Equation 1 shows the Bloch equations that describe the evolution of the magnetization vector for each time step in a rotating frame of reference. \(M_x\), \(M_y\), and \(M_z\) represent the magnetization vector \(\vec {m}\), \(\gamma\) the gyromagnetic ratio, \(T_1\) and \(T_2\) the longitudinal and transversal relaxation times, \(B_x\) and \(B_y\) the real and imaginary component of the RF field in the position of the vector, which is a sum of the individual RF waveforms weighted by the complex \(B_1^+\) sensitivities for the given position. \(B_z\) represents the sum of all (spatially dependent) effects of the gradient fields and any \(B_0\) inhomogeneities. \(M_0\) is the equilibrium magnetization of \(M_z\) and is often given in normalized units as 1. When implementing the Bloch simulation in software, the matrix multiplication can optionally be substituted by individual calculations for the individual components of \(\vec {m}\). While being more laborious to implement, this allows for omitting individual steps if they are known to have little to no effect to reduce computation time.

Table 1 All terms that went into the cost function for optimizing RF and gradient pulses

An alternative to Bloch simulations is following the so-called small tip angle approximation (STA). This assumes the angle by which \(\vec {m}\) is flipped in each individual time step as well as in the entire pulse is small enough that \(M_z\) can be approximated with its equilibrium value \(M_0\). As a consequence, the resulting transverse magnetization becomes linearly dependent on the RF field: [13]

$$\begin{aligned} \frac{d}{dt}M_{xy} = -i \gamma B_z M_{xy} + i \gamma B_{xy} M_0 \end{aligned}$$
(2)

with

$$\begin{aligned} M_{xy}&= M_x + i M_y \\ B_{xy}&= B_x + i B_y \end{aligned}$$

Based on the STA, the spatial domain method accumulates the effects of the gradient waveforms (in the form of k-space trajectories), \(B_0\) field offsets, and \(B_1^+\) sensitivity maps into a system matrix A [1]. By reordering all complex RF waveforms into a single column vector \(\vec {b}\), this allows for calculation of the transversal magnetization in a simple vector–matrix-multiplication:

$$\begin{aligned} \vec {m} = A \cdot \vec {b} \end{aligned}$$
(3)

With constant gradient waveforms, the system matrix A stays fixed and \(\vec {b}\) can be optimized in a minimization problem with low computational requirements. When the gradient waveforms also need to be optimized, A has to be assembled during each step of the optimization process. While this increases computation time, the computational burden is still significantly lower than in Bloch simulations. This method, however, does not take \(T_1\) and \(T_2\) relaxation into account, nor will it be accurate for cases in which \(M_z\) is reduced significantly.

Methods

MR measurements were performed on a Magnetom 9.4T Plus MRI scanner (Siemens Healthineers, Erlangen, Germany) running Syngo VE12U software, equipped with a 16-channel pTx system (1kW RF power per channel) and a SC72 whole-body gradient system. A custom-built head array coil (16 transmit, 31 receive elements) was used [14]. The system was operated assuming the following hardware limitations: maximum RF magnitude: 185 V per channel; maximum gradient magnitude: 65 mT/m; maximum gradient slew rate: 185 T/m/s. Data was acquired from 14 healthy adults (age: 24...54 years, 9 male, 5 female). All experiments were performed with approval of the local ethics committee. Before each MR-experiment, informed signed consent was obtained from each volunteer.

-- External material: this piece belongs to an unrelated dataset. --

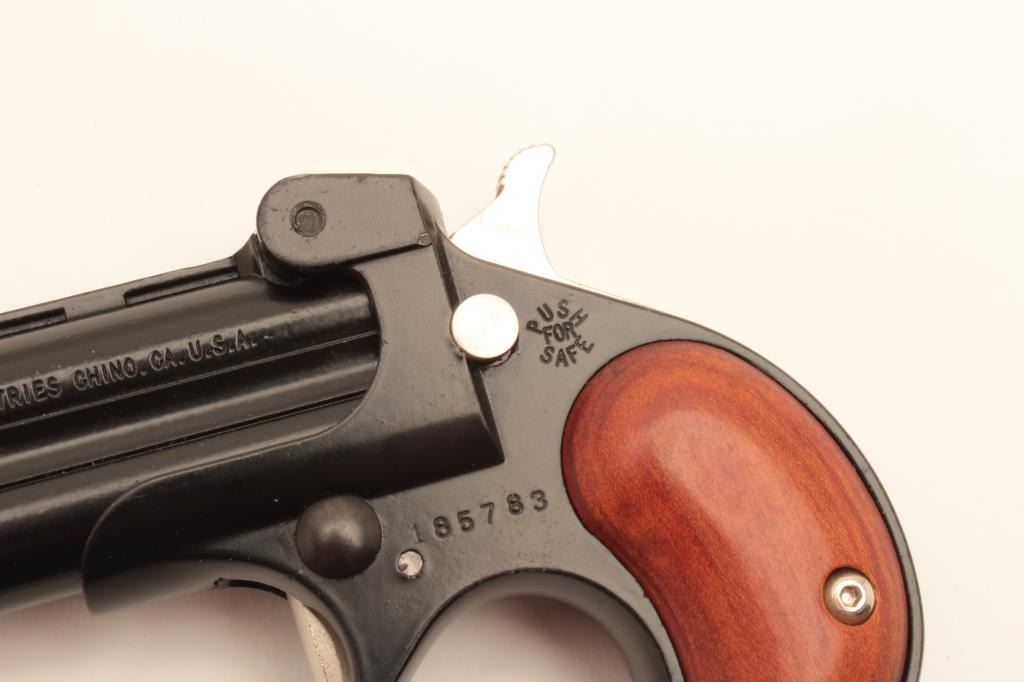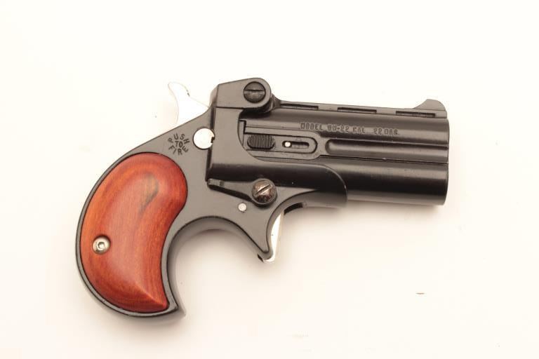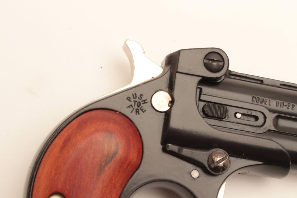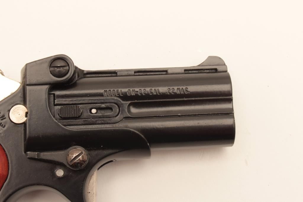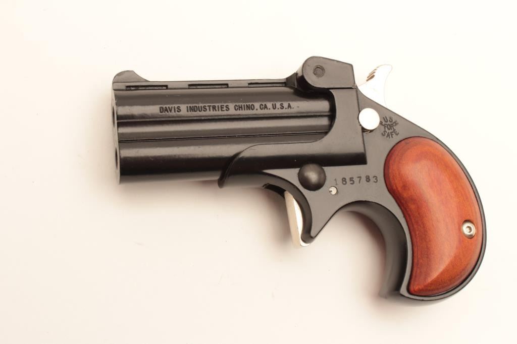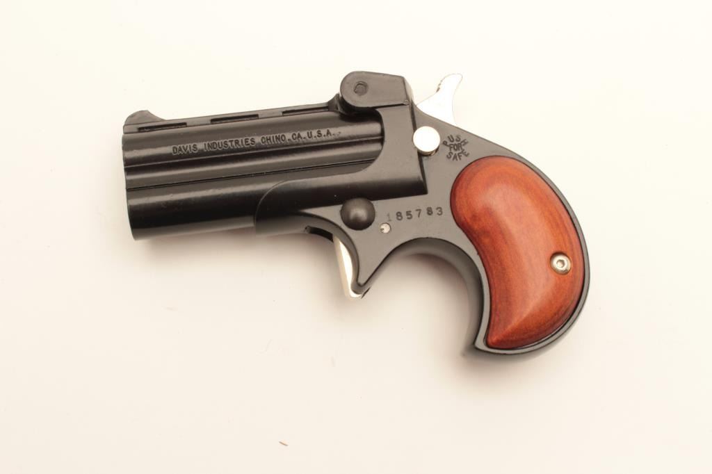 17KH-107 DERRINGERDavis Industries DM-22 .22 cal. derringer, #185783, 2 3/8" barrel, black finish with wood grips. Pistol is in fine condition overall, retaining approximately 95% original finish, minty bores, good action. (Modern / PPT) Est. $100-200Davis Industries DM-22 .22 cal. derringer, #185783, 2 3/8" barrel, black finish with wood grips. Pistol is in fine condition overall, retaining approximately 95% original finish, minty bores, good action. (Modern / PPT) Est. $100-200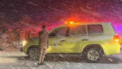 في ظاهرة جوية نادرة تساقط الثلوج في منطقة تبوك شمالي المملكة العربية السعودية حيث ظهر جبل اللوز مغطى بالثلج بالكامل…

1. Toolbox design and usage

For using the FastPtx toolbox, multiple steps are necessary as of now. All those steps are outlined here and will be explained in more detail in the following chapters.

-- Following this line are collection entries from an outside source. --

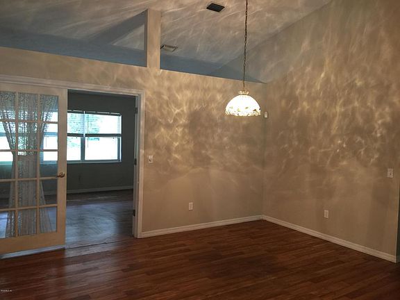 Nestled under the large oak trees of Country Woods Estates, this 4 bedroom, 3 bath, pool home offers peaceful country living. Located on just over 3 acres, and with over 2,100 sq. ft. of living space, this home features tile and laminate hardwood floors throughout, living room, separate family room with stone fireplace, kitchen, dining area, inside laundry room, spacious master bedroom and bath with French doors that lead to the patio, double sink vanity, separate walk in shower and bathtub, in ground swimming pool with screen enclosure, 2 car garage, as well as detached garage that makes for a great workshop or place to store your ''toys''! Be sure to check it out! This is a Fannie Mae property.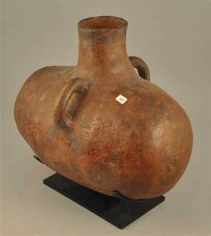 IMPORTANT VASE en forme de gourde à anses latérales. Terre cuite à engobe rouge.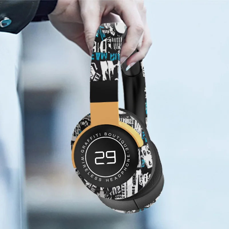 Fashionable Graffiti Headphones Wireless Bluetooth 5.1 Bass Built-in HD Mic DJ In Mic Light For PS4 PS5 PC Phone Gamer Earphone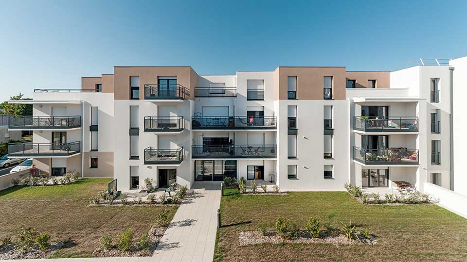 Résidentiel par nature, l’ensemble immobilier neuf près de La Rochelle se compose de trois bâtiments de trois étages et un bâtiment d’un étage. Les couleurs sont sobres et élégantes – pierre, blanc, brun, gris -, les lignes épurées et l’effet contemporain parfaitement maîtrisé. La résidence bénéficie d’une voie d’accès réservée à sens unique et d’un charmant jardin clos paysager.
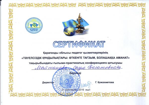 Қарағанды облысы педагог қызметкерлерінің "ТӘУЕЛСІЗДІК ҚҰНДЫЛЫҚТАР: ӨТКЕНГЕ ТАҒЗЫМ, БОЛАШАҚҚА АМАНАТ" тақырыбындағы ғылыми - практикалық конференцияға қатысқаны үшін №36 ЖББ орта мек…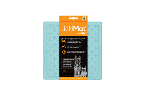 The LickiMat® Classic Buddy™ slows feeding, reduces anxiety, boredom, and destructive behaviour in your dog or cat whilst providing a versatile platform for foods and treats.
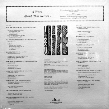 If you’re looking for an album that epitomises the guitar strumming, non-percussional style of music that dominated Catholic Masses during the 1970’s, it’s hard to beat this album. On top of that, the School Sisters (from Mankato, MN) perform in the cavernous, reverberant acoustics of so many older Catholic churches.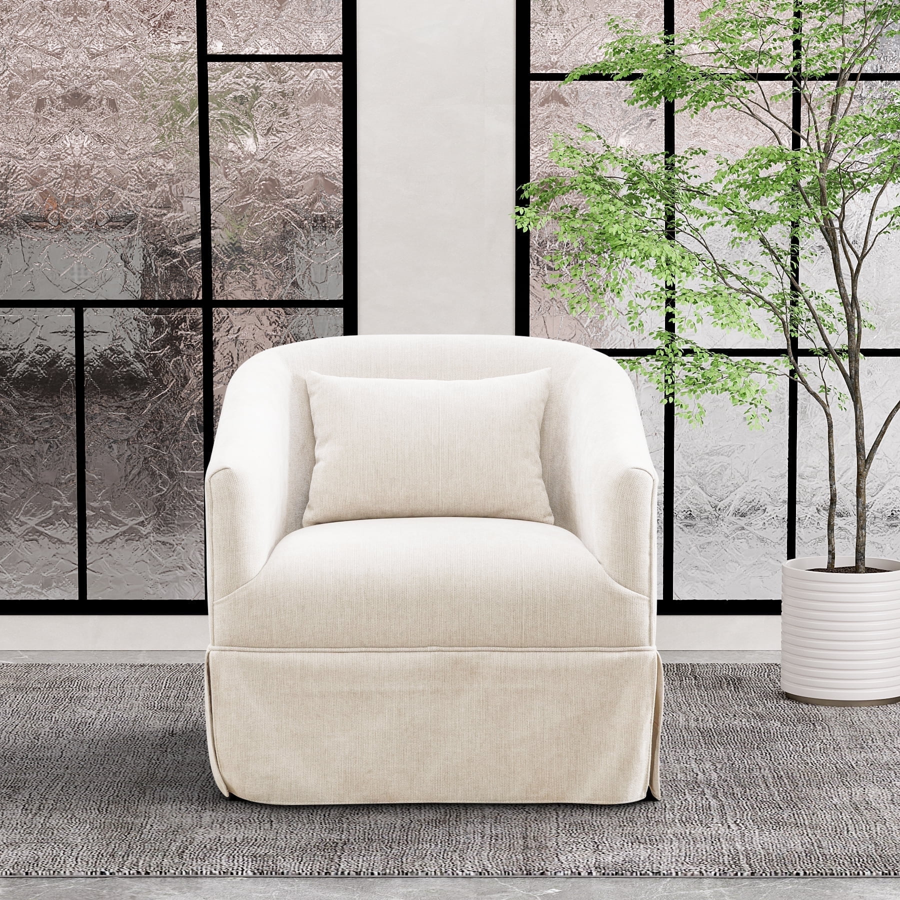Ouyessir Upholstered Swivel Barrel Chair Modern Accent Chair with Lumbar Pillow Comfy Linen Fabric 360 Degree Swivel Club Chair Armchair for Very well made.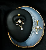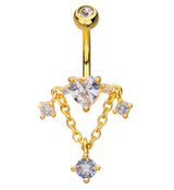 Gold PVD Heart Triple Clear CZ Dangle Chain Stainless Steel Belly Button Ring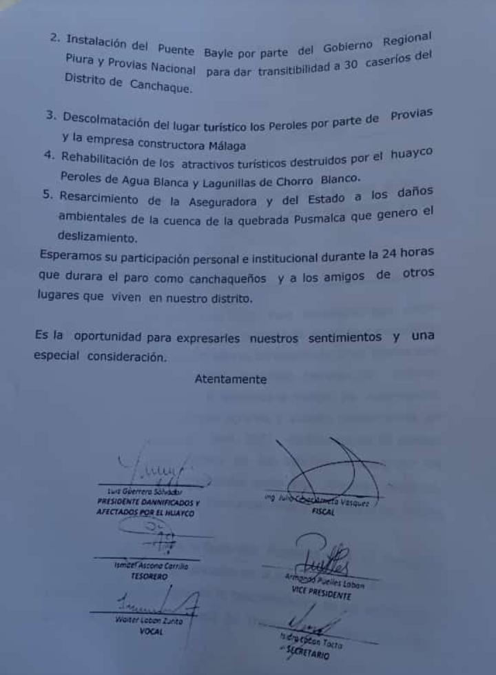 Cansados de esperar la atención de las autoridades, los pobladores del distrito de Canchaque en Huancabamba acatarán un paro preventivo de 24 horas este viernes 12 de noviembre para exigir que declaren en emergencia los botaderos con materiales excedentes de la obra de la carretera Canchaque – Huancabamba.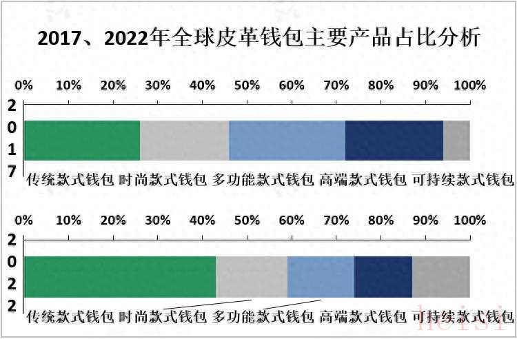 2017、2022年全球皮革錢包主要產(chǎn)品占比分析

Since pulse calculation relies on \(B_1^+\) and \(B_0\) maps, those need to be acquired. After reconstruction, they have to be stored in a MATLAB file, together with a binary mask of the region of interest, in our case a brain mask. \(B_1^+\) fields have to be provided in [nT/V] and \(B_0\) maps in [\(\Delta\)Hz]. The FastPtx toolbox is then executed by running a short python script, in which system limits, desired FA distribution and the desired number of iterations for optimization, as well as one or multiple files with \(B_1^+\)/\(B_0\) maps are specified. The resulting optimized RF and gradient waveforms will be returned as PyTorch arrays by the FastPtx toolbox. They can either be used in custom code or passed onto another function of the FastPtx toolbox, which will write the pulse into a .ini file as required by the Siemens VE12U system we used. This file can then be transferred to the MRI scanner, for example via the local network.

The toolbox consists of three main modules. One module is called io.py and handles data in- and output. It includes functions for reading \(B_1^+\) maps,\(B_0\) maps, and VOP files, as well as functions to read and write pTx pulses in the .ini format required by the scanner. The second module, smallTipAngle.py, consists of a class that has methods for forward simulation, the cost function, and the optimization code. The third module, bloch.py, contains a class which is derived from smallTipAngle.py and overwrites the forward simulation methods. By doing so, most steps only needed to be implemented once even though both STA and Bloch simulation are supported.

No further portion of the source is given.